WHAT YOU HAVE TO DO. The pictures are to be left out, and all remaining data is to be transcribed exactly as it appears.

DATA EXTRACT.
>>>>>
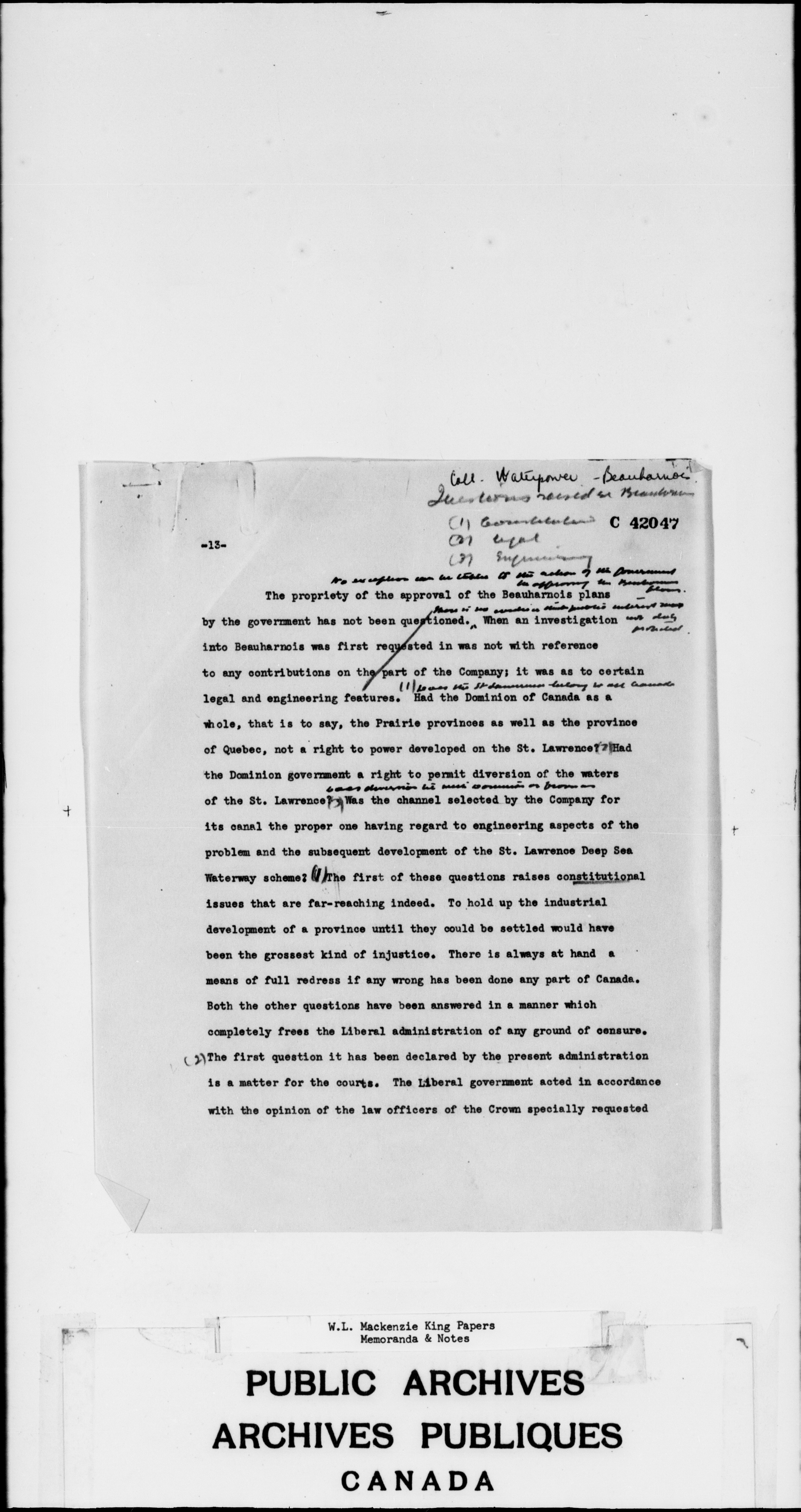 William Lyon Mackenzie King : Memoranda and Notes - 2476
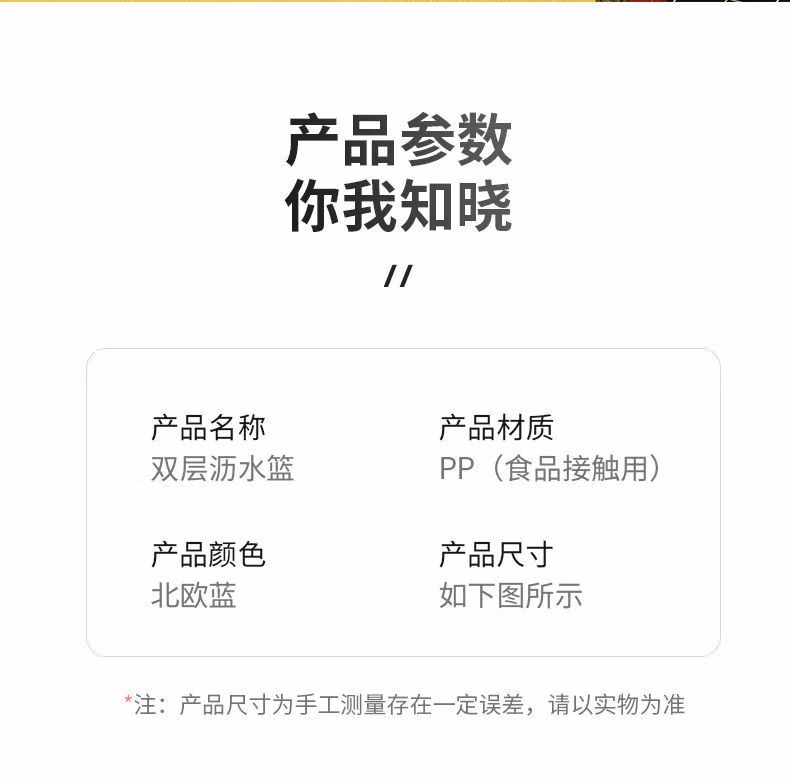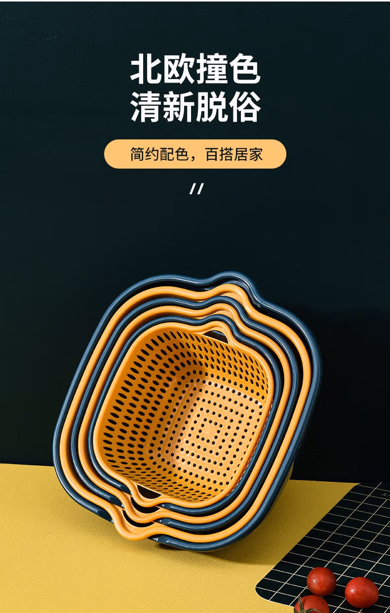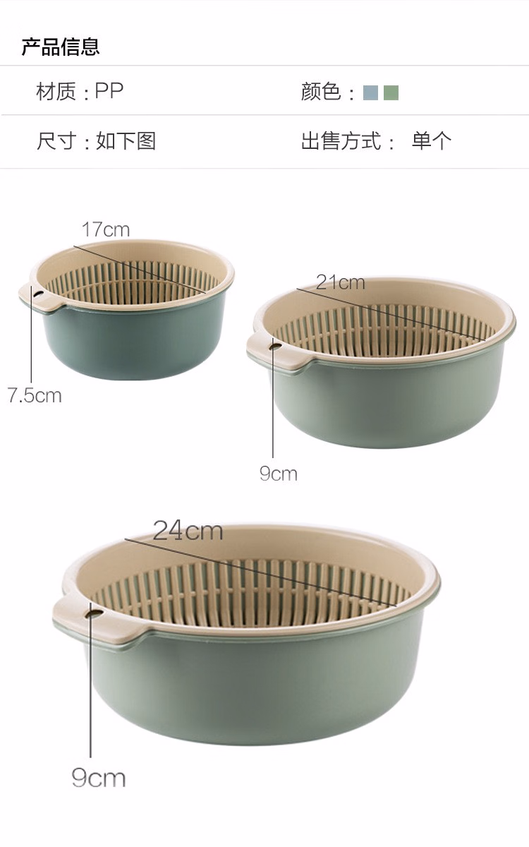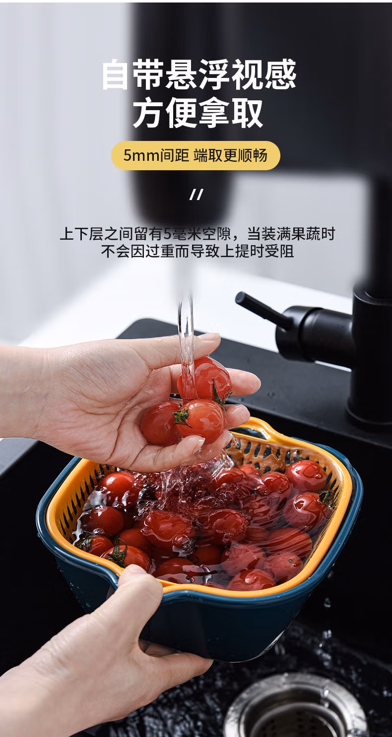铁群岛6件套双层沥水篮3个洗菜盆厨房沥水神器家用多功能漏水篮水果篮子 双层洗菜篮小号 中号 大号(3个6件套)-颜色混搭
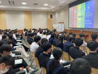 国土交通省の方々の説明により、白山砂防堰堤の意義および手取川ダム管理支所見学を行った。一般人が入ることが出来ない場所に入り、実際の現場を見て、説明していただき、生徒は興味津々であった。自然との共存を目指し、人々の命を守る大きな建設物を目の当たりにし、人間が行える可能性の大きさを感じることが出来た。
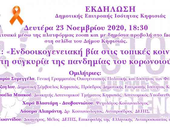 Τη Δευτέρα 23 Νοεμβρίου 2020, ώρα 18:30, η Δημοτική Επιτροπή Ισότητας Κηφισιάς ΔΕΠΙΣ, με αφορμή την Παγκόσμια Ημέρα Εξάλειψης της Βίας κατά των Γυν
<<<<<
FINISHED EXERCISE.
 William Lyon Mackenzie King : Memoranda and Notes - 2476
铁群岛6件套双层沥水篮3个洗菜盆厨房沥水神器家用多功能漏水篮水果篮子 双层洗菜篮小号 中号 大号(3个6件套)-颜色混搭
 国土交通省の方々の説明により、白山砂防堰堤の意義および手取川ダム管理支所見学を行った。一般人が入ることが出来ない場所に入り、実際の現場を見て、説明していただき、生徒は興味津々であった。自然との共存を目指し、人々の命を守る大きな建設物を目の当たりにし、人間が行える可能性の大きさを感じることが出来た。
 Τη Δευτέρα 23 Νοεμβρίου 2020, ώρα 18:30, η Δημοτική Επιτροπή Ισότητας Κηφισιάς ΔΕΠΙΣ, με αφορμή την Παγκόσμια Ημέρα Εξάλειψης της Βίας κατά των Γυν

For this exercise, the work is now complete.